With sunlit backdrops and plot twists as breathtaking as the beaches of Antibes, author Patricia Sands brings her trilogy about second chances to a provocative and satisfying close that proves that a new life just might be possible—if you’re willing to let your heart lead you home.

Book Title: I Promise You This (Love in Provence Book 3)
Author: Patricia Sands
Genre:  Contemporary Romance
Publisher: Lake Union Publishing
Length: 336 pages
Release Date: 17 May, 2016


5 gold starMy review: 5 out of 5 stars for I Promise You This by Patricia Sands

I Promise You This is about what comes after happily-ever-after. The lovers have met, fallen in love, faced trials, and finally expressed their commitment to one another. That’s where the curtain goes down in most romances. But in this one, it’s just the signal for the beginning of Act 3.

This is really not the book to start without reading the preceding two novels in this series. As we saw in the earlier books, the main character, Katherine, is a woman who spent her entire married life going through the motions of what was expected of her, without ever considering what she expected of herself.
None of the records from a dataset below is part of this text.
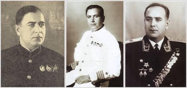Слева направо: капитан 3 ранга Николай Египко после возвращения из Испании (1938 год), капитан 2 ранга Николай Египко после присвоения звания Героя Советского Союза (1939 год), контр-адмирал Николай Египко – начальник Высшего военно-морского училища подводного плавания имени Ленинского комсомола (начало 1960-х).
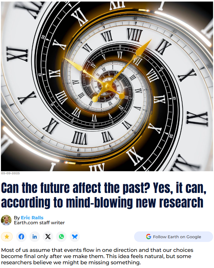 >>533243525That's not new faggot they've known this for decades. Time is not linear, time "is" and every point in time affects every point in time, that's why life is so weird
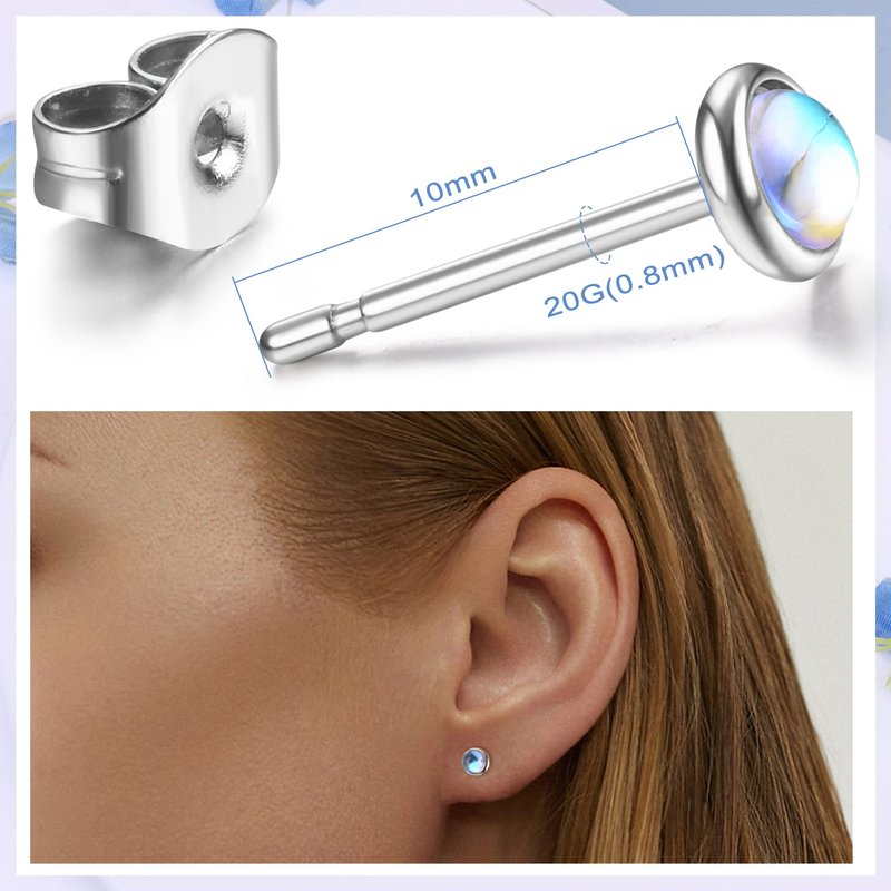 - 【Stud Earrings Design&Size】Surgical steel post Gauge: 20G=0.8mm, post length: 10mm. cubic zirconia/opal/turquoise/moonstone size:4mm,regular size, suitable for most women girls men to wear, small and dainty earring studs, can be worn alone or stacked, butterfly buckle design, easy to put on,take off and adjusted to your desired position.

Her unfaithful husband leaves her the cruelest way possible, but from the beginning the reader suspects what Katherine only eventually discovers—it was a desperate act to save himself from a soulless marriage. And it saves Katherine as well, although she is in agony along the way.

In the previous books we see how Katherine comes to terms with her relationships, both with her failed marriage, and with her dying mother. But most importantly, she takes a chance on life, both by fulfilling a decades-old promise to herself to return to France, and by accepting that she still has a chance at a loving and fulfilling relationship. In France, the setting itself becomes another main character—one that soothes and supports Katherine, encouraging her to unfold and become the person she was meant to be. And in France, she and Philippe fall in love.

So why the third novel? Katherine has committed to Philippe, but—as she realizes when she returns home to Toronto to care for her best friend Molly after a devastating accident—she hasn’t committed to leaving behind her old life, her home, and her history.

As an expat myself, that’s where the story got really interesting. Because no matter how much we expats are pursuing the life we’ve worked to achieve, no matter how committed we are to living in that incredible but ultimately foreign place, no matter how desperately we want to be there—it’s still not the place that our heart labels “back home”. The place where we’re not different, we don’t stand out, we sound like everybody else. The place where our memories and the things that define our past will always live.

Katherine is shocked to find out that in committing to Philippe and their love, she still has to do a lot of work to come to terms with all the other parts of her past that have defined her. This book is the lovely story of that journey. And, because I’ve come to know and love the huge cast of the three books, I have to admit that I cried when Katherine did successfully arrive at her journey’s destination.

I recommend this book and the series to anybody who wants to read a contemporary love story about a mature woman, a beautiful setting, and a wonderful supporting cast. And you’re so lucky that the series is complete, so you can read it all now. Bon voyage!